The operators of the Avaddon ransomware appear to be tooling up to conduct so-called double extortion cyber attacks, a relatively new tactic whereby cyber criminal gangs not only hold their victims’ encrypted data to ransom, but threaten to leak it to the general public unless they are paid.
High-profile victims of such attacks are already known to include the likes of printing and imaging technology supplier Canon, celebrity law firm Grubman, services firm Allied Universal, medical research outfit HMR, security insurance provider Chubb, and electronics firm LG, among many others.
The double extortion tactic was popularised by the operators of Maze, but is now spreading to other criminal groups, and earlier in August, BleepingComputer’s Lawrence Abrams revealed compelling evidence purporting to show that the operators of Avaddon had set up a dark web site to publicly leak data stolen from its victims, a la Maze and ReVIL/Sodinokibi.

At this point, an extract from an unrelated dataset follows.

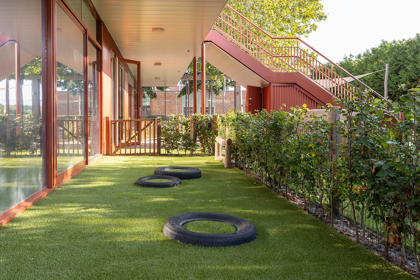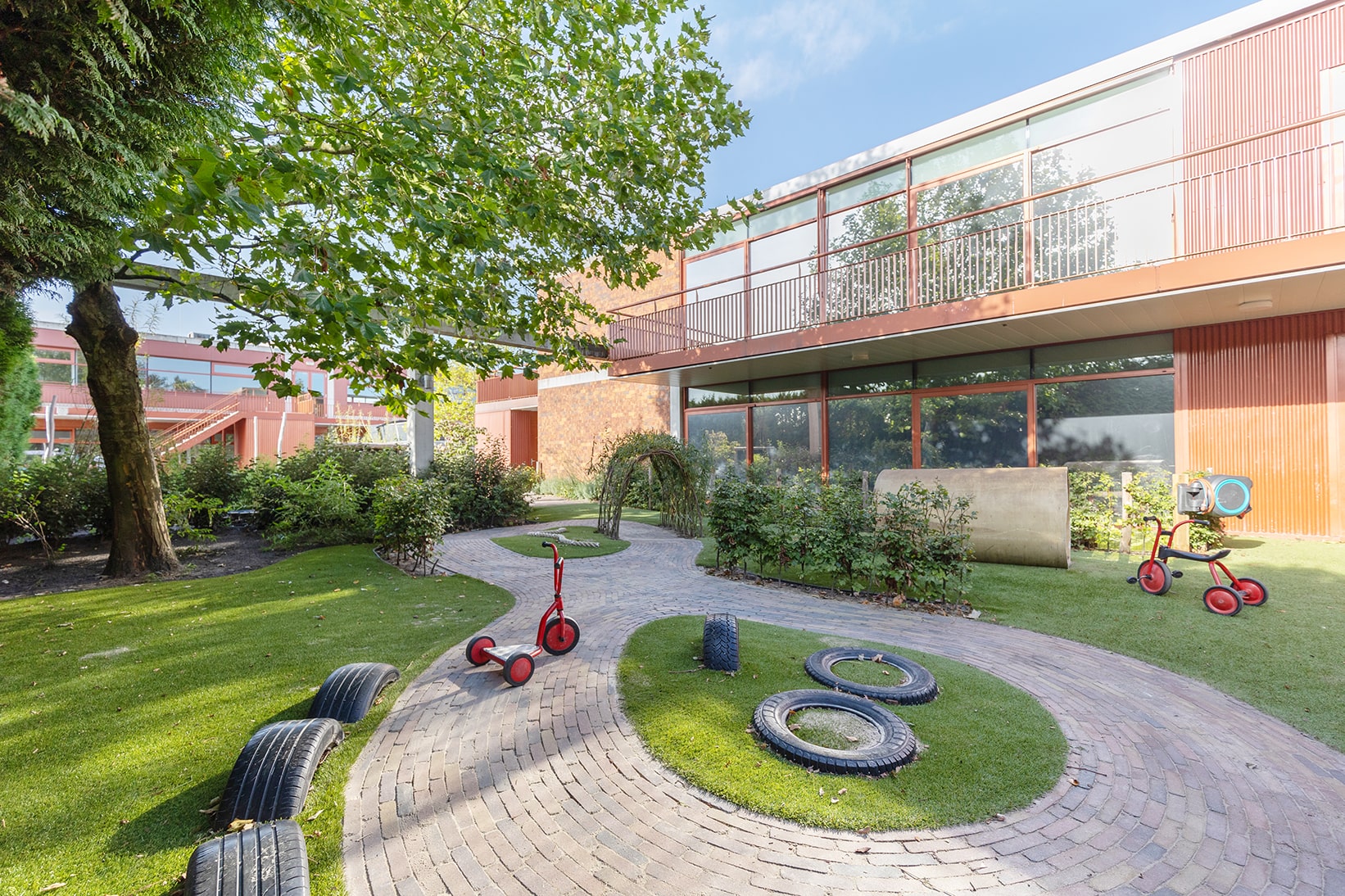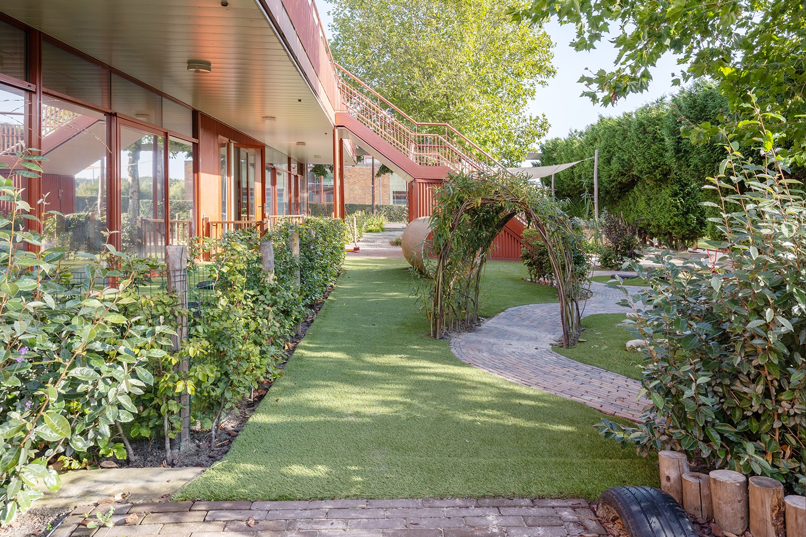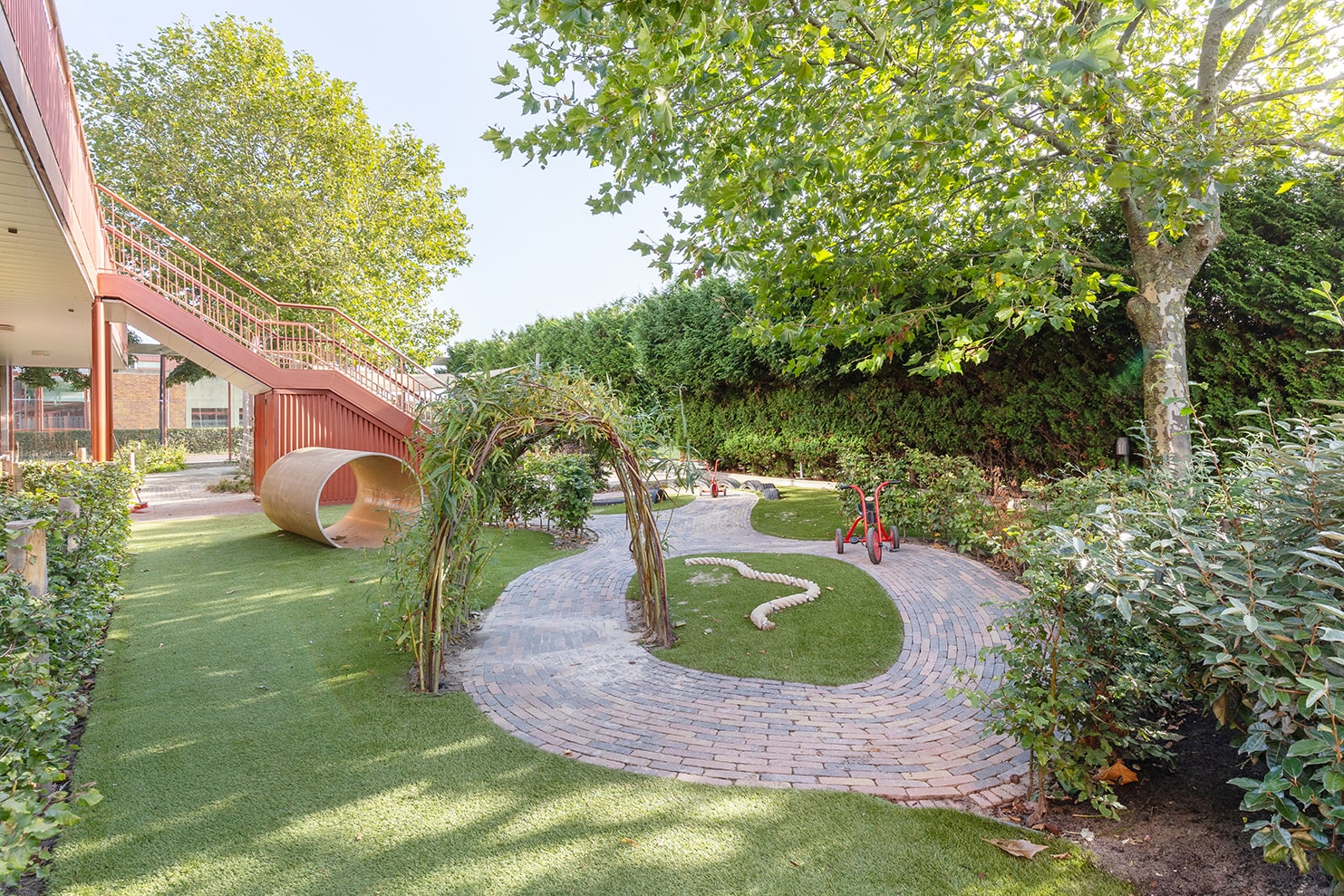 Kinderen ervaren buiten meer vrijheid en zelfstandigheid. Daar hebben we onze tuin dan ook helemaal op afgestemd. Elke groep heeft een eigen stuk, en ook de allerkleinsten genieten van de buitenlucht in hun afgeschermde gedeelte. De kinderen kunnen zich in de tuin verstoppen, gezellig samen komen of juist even alleen zijn. Niet iedereen wil altijd en alleen maar rennen, toch?

Now, Cofense Intelligence cyber threat analyst Aaron Riley has confirmed new attack patterns that confirm the Avaddon gang is expanding into data exfiltration.
The ransomware first came to widespread attention in June 2020, when it was spotted hitting a broad group of targets via the Trik botnet via phishing emails. Like many other strains, it is run as a ransomware-as-a-service (RaaS) business.
“The exfiltration of sensitive data can be damaging to an organisation and levy heavy legal, financial and reputational consequences, which is why threat actors use it to leverage extortion payment,” he wrote in a new disclosure notice. “With these most recent developments, Avaddon has joined a few other ransomware families in adding data exfiltration to use as leverage for extortion payments.”
Riley said he was now seeing a campaign in which Avaddon is combined with an information stealer, strongly suggesting that its operators are preparing to make good use of their new dark web domain. This campaign is successfully able to evade email security solutions and is targeting several different industries, including energy, healthcare, insurance, manufacturing, mining and retail.
A typical Avaddon phish as identified by Cofense spoofs a well-known shipping brand – in this case FedEx. If the target clicks on the malicious embedded link sent to them, they will download the malicious Smoke Loader program, which in turn acts as a delivery mechanism for both Avaddon and Racoon Stealer.
Riley noted that considering Avaddon is run as a RaaS business, it showed a certain consistency that its operators are employing Racoon Stealer, which is run as a malware-as-a-service (MaaS) to add new features to their attacks. He added that using a MaaS sample to steal data suggested the Avaddon gang has the ability to plug-and-play with other MaaS families if they need or want to.
He said that double extortion attacks were particularly dangerous at present because typically, an organisation can prepare itself for ransomware by being extra diligent over its data backups – this is quite evidently now no longer enough if the data is also being stolen and leaked, and also raises the possibility of legal action by the data subjects and regulators, as well as reputational damage.
“As Avaddon sees increasing success from these efforts, we can expect more ransomware operators to follow suit,” said Riley. “In conclusion, we predict that the most dangerous part of ransomware to organisations soon will be data exfiltration.”